*What to produce*.
Without copying any picture, transcribe exactly the lines of the data below from the one containing "FA45844# v领蕾丝拼接针织衫女春秋季新款修身显瘦内搭上衣 服裝批發女裝批發服飾貨源" through the one containing "This little birdie".

*Supplied records*.
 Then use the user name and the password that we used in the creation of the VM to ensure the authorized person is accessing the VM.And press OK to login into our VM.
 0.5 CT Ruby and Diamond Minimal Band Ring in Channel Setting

--

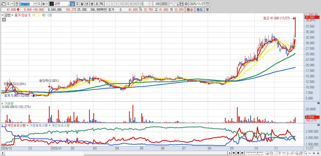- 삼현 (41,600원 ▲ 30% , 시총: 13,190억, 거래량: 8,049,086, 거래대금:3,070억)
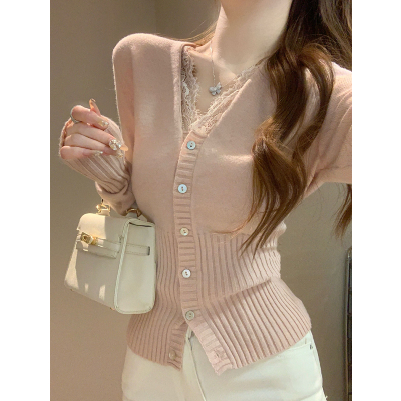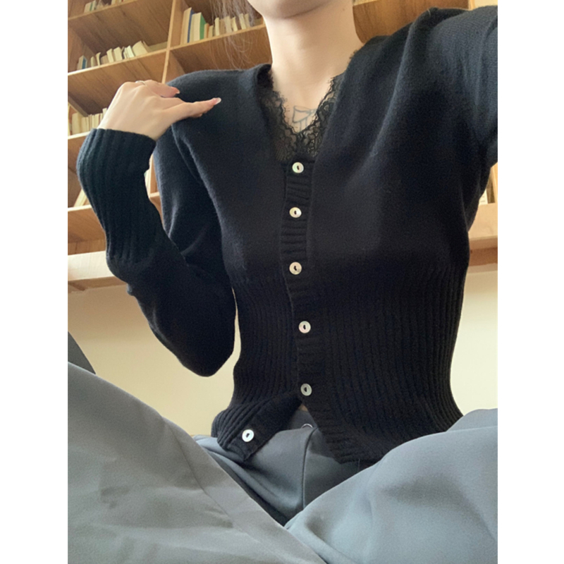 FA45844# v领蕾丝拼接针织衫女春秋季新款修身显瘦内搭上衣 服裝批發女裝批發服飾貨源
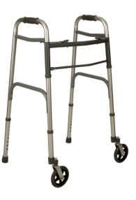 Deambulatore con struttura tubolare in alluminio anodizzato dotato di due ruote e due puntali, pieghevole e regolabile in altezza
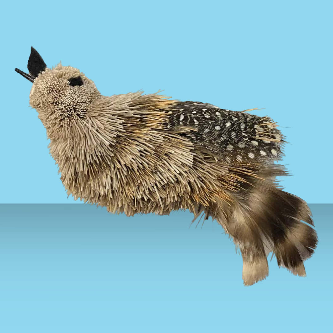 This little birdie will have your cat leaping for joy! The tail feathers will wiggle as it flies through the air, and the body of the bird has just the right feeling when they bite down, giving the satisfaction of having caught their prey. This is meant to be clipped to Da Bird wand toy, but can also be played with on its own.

==

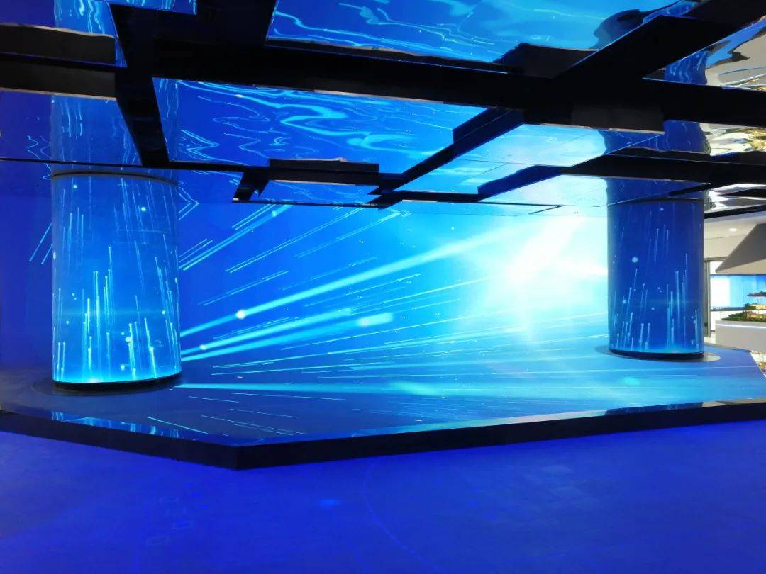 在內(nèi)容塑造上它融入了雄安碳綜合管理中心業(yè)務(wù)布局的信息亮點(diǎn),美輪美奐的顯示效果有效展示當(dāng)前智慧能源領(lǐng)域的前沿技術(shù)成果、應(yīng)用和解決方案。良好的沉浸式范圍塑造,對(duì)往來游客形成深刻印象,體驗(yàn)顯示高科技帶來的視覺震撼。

*Task answer*.
 FA45844# v领蕾丝拼接针织衫女春秋季新款修身显瘦内搭上衣 服裝批發女裝批發服飾貨源
 Deambulatore con struttura tubolare in alluminio anodizzato dotato di due ruote e due puntali, pieghevole e regolabile in altezza
 This little birdie will have your cat leaping for joy! The tail feathers will wiggle as it flies through the air, and the body of the bird has just the right feeling when they bite down, giving the satisfaction of having caught their prey. This is meant to be clipped to Da Bird wand toy, but can also be played with on its own.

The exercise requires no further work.